== Supplied material ==
--- START ---

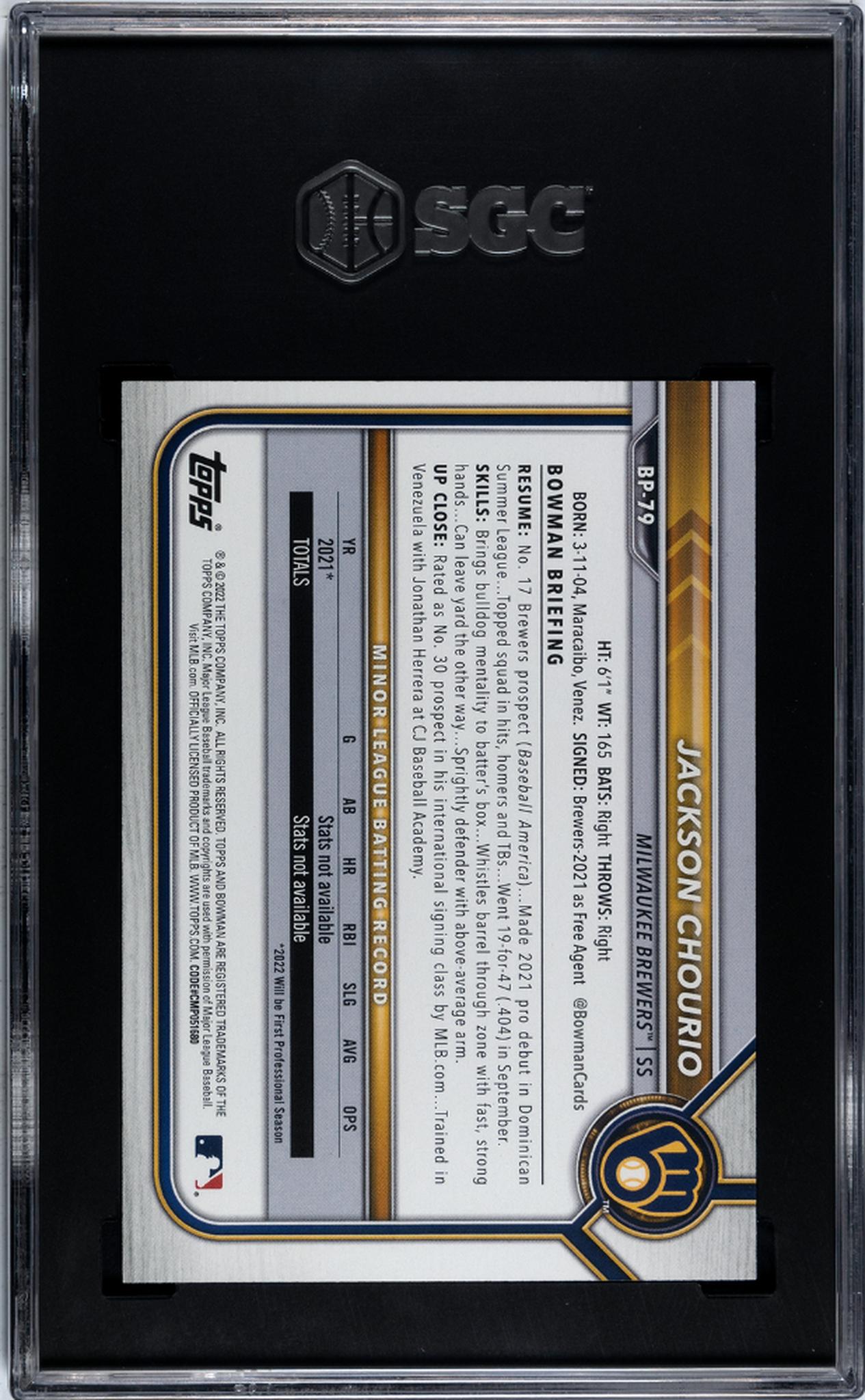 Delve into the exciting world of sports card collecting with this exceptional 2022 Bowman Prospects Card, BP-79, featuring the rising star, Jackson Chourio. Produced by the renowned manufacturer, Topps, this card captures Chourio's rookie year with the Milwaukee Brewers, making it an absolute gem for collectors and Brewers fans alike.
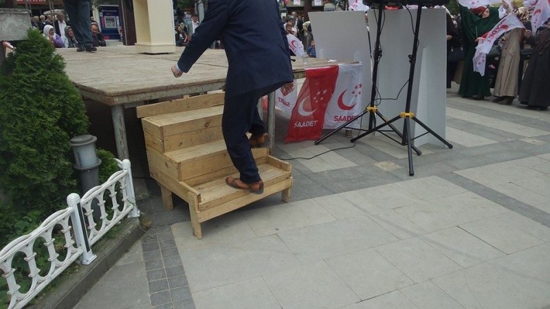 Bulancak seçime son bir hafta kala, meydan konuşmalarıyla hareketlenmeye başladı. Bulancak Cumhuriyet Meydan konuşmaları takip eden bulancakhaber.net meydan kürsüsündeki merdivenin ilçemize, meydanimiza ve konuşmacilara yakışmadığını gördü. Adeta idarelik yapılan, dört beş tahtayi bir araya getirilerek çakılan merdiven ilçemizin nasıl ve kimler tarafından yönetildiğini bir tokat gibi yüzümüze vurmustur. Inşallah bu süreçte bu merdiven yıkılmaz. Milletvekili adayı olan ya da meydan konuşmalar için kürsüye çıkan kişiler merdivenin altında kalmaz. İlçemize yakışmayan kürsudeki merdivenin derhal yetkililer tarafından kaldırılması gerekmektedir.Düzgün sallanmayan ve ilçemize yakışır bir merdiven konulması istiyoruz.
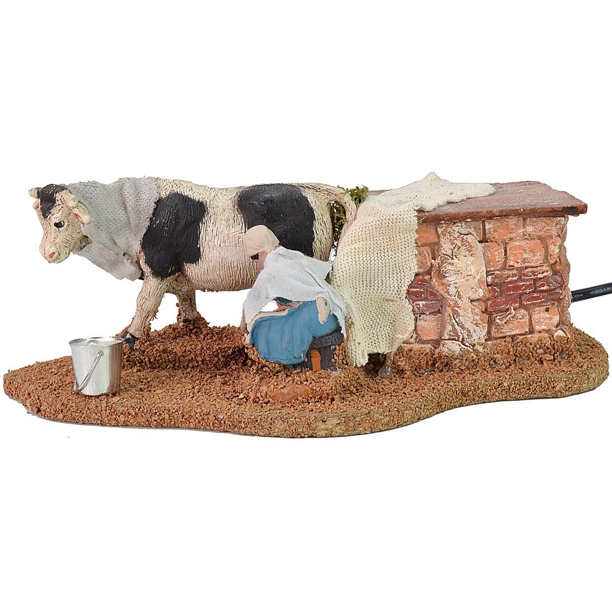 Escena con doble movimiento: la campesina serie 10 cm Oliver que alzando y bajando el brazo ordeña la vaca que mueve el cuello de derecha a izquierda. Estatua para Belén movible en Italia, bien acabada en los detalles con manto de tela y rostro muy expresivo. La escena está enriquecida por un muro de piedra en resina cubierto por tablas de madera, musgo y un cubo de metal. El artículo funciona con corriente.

--- END ---

== Problem statement ==
Give all of the material again, exactly, apart from the pictures.

== Solution for this problem ==
 Delve into the exciting world of sports card collecting with this exceptional 2022 Bowman Prospects Card, BP-79, featuring the rising star, Jackson Chourio. Produced by the renowned manufacturer, Topps, this card captures Chourio's rookie year with the Milwaukee Brewers, making it an absolute gem for collectors and Brewers fans alike.
 Bulancak seçime son bir hafta kala, meydan konuşmalarıyla hareketlenmeye başladı. Bulancak Cumhuriyet Meydan konuşmaları takip eden bulancakhaber.net meydan kürsüsündeki merdivenin ilçemize, meydanimiza ve konuşmacilara yakışmadığını gördü. Adeta idarelik yapılan, dört beş tahtayi bir araya getirilerek çakılan merdiven ilçemizin nasıl ve kimler tarafından yönetildiğini bir tokat gibi yüzümüze vurmustur. Inşallah bu süreçte bu merdiven yıkılmaz. Milletvekili adayı olan ya da meydan konuşmalar için kürsüye çıkan kişiler merdivenin altında kalmaz. İlçemize yakışmayan kürsudeki merdivenin derhal yetkililer tarafından kaldırılması gerekmektedir.Düzgün sallanmayan ve ilçemize yakışır bir merdiven konulması istiyoruz.
 Escena con doble movimiento: la campesina serie 10 cm Oliver que alzando y bajando el brazo ordeña la vaca que mueve el cuello de derecha a izquierda. Estatua para Belén movible en Italia, bien acabada en los detalles con manto de tela y rostro muy expresivo. La escena está enriquecida por un muro de piedra en resina cubierto por tablas de madera, musgo y un cubo de metal. El artículo funciona con corriente.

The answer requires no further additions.